╭─ Source material

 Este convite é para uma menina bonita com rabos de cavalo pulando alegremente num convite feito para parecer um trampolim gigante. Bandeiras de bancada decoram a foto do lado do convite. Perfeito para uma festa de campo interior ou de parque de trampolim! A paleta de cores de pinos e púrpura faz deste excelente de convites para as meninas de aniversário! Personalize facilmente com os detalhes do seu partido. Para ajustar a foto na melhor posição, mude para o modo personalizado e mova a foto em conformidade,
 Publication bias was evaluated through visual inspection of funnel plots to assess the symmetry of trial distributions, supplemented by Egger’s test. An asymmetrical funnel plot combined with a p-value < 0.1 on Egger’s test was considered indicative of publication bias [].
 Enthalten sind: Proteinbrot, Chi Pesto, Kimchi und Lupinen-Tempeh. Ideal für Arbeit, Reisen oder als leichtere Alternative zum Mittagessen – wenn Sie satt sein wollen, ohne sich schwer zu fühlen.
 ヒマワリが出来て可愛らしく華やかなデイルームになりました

╰─

Each line in the listing needs to be copied exactly.

 Este convite é para uma menina bonita com rabos de cavalo pulando alegremente num convite feito para parecer um trampolim gigante. Bandeiras de bancada decoram a foto do lado do convite. Perfeito para uma festa de campo interior ou de parque de trampolim! A paleta de cores de pinos e púrpura faz deste excelente de convites para as meninas de aniversário! Personalize facilmente com os detalhes do seu partido. Para ajustar a foto na melhor posição, mude para o modo personalizado e mova a foto em conformidade,
 Publication bias was evaluated through visual inspection of funnel plots to assess the symmetry of trial distributions, supplemented by Egger’s test. An asymmetrical funnel plot combined with a p-value < 0.1 on Egger’s test was considered indicative of publication bias [].
 Enthalten sind: Proteinbrot, Chi Pesto, Kimchi und Lupinen-Tempeh. Ideal für Arbeit, Reisen oder als leichtere Alternative zum Mittagessen – wenn Sie satt sein wollen, ohne sich schwer zu fühlen.
 ヒマワリが出来て可愛らしく華やかなデイルームになりました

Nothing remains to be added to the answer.